START Dataset excerpt

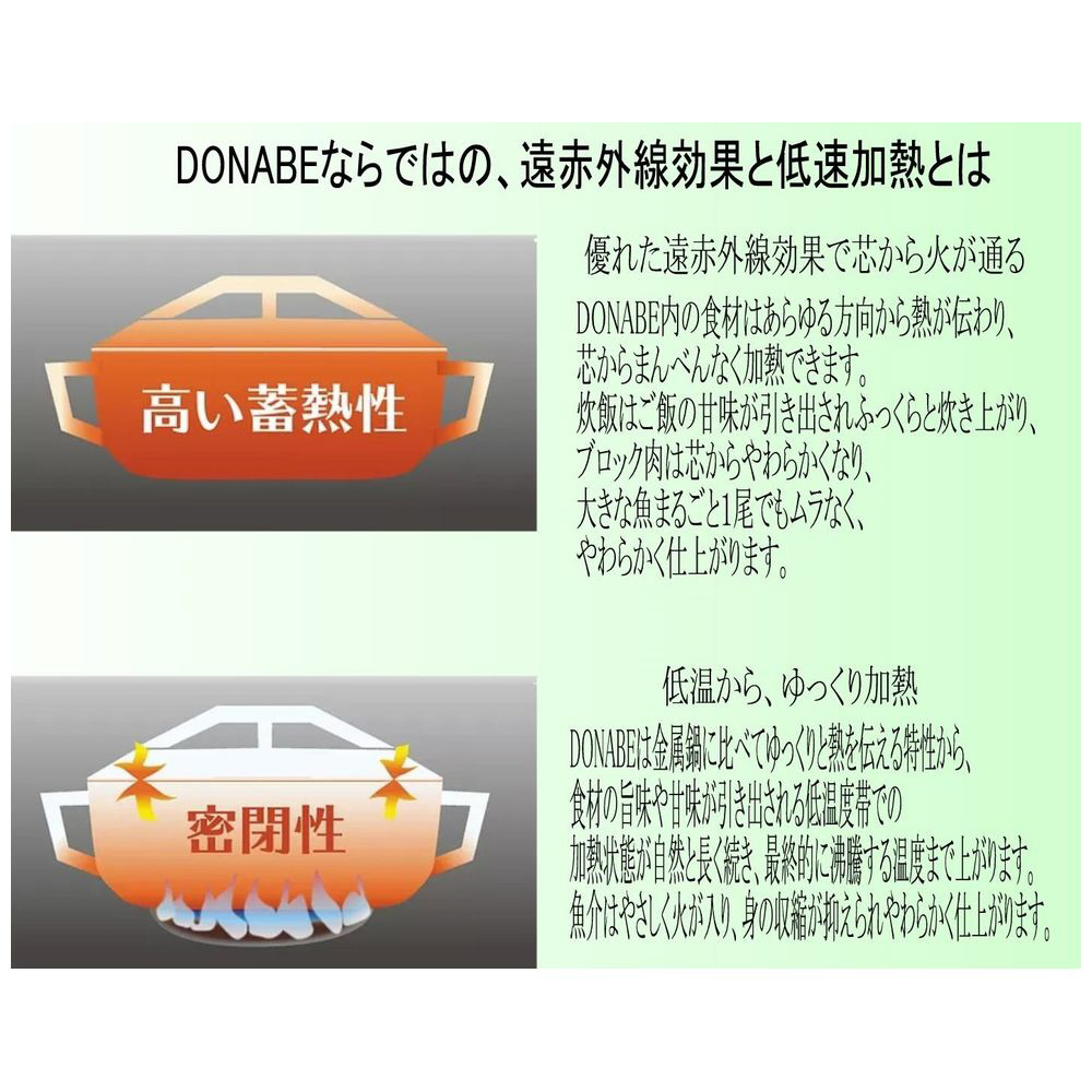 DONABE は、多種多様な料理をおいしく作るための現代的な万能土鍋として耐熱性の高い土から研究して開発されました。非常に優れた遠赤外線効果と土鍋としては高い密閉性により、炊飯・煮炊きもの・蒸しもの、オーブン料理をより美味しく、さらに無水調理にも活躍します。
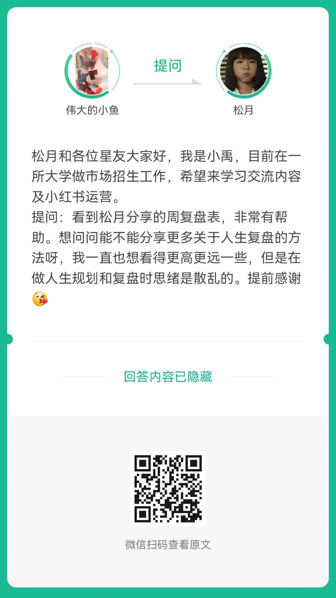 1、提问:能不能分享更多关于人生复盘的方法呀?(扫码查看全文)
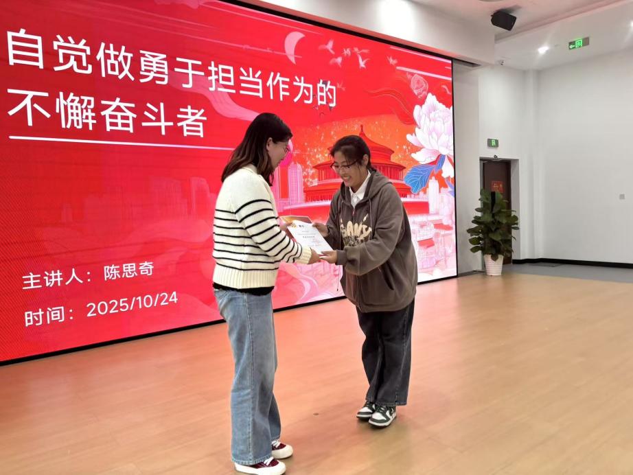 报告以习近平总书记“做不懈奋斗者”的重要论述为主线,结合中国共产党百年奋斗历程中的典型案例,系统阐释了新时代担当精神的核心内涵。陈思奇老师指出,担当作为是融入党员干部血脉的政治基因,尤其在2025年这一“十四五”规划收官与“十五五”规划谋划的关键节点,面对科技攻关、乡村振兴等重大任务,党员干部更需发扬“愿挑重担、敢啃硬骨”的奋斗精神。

END Dataset excerpt

## Action item
Copy out the data verbatim, with no pictures.

## Solution
 DONABE は、多種多様な料理をおいしく作るための現代的な万能土鍋として耐熱性の高い土から研究して開発されました。非常に優れた遠赤外線効果と土鍋としては高い密閉性により、炊飯・煮炊きもの・蒸しもの、オーブン料理をより美味しく、さらに無水調理にも活躍します。
 1、提问:能不能分享更多关于人生复盘的方法呀?(扫码查看全文)
 报告以习近平总书记“做不懈奋斗者”的重要论述为主线,结合中国共产党百年奋斗历程中的典型案例,系统阐释了新时代担当精神的核心内涵。陈思奇老师指出,担当作为是融入党员干部血脉的政治基因,尤其在2025年这一“十四五”规划收官与“十五五”规划谋划的关键节点,面对科技攻关、乡村振兴等重大任务,党员干部更需发扬“愿挑重担、敢啃硬骨”的奋斗精神。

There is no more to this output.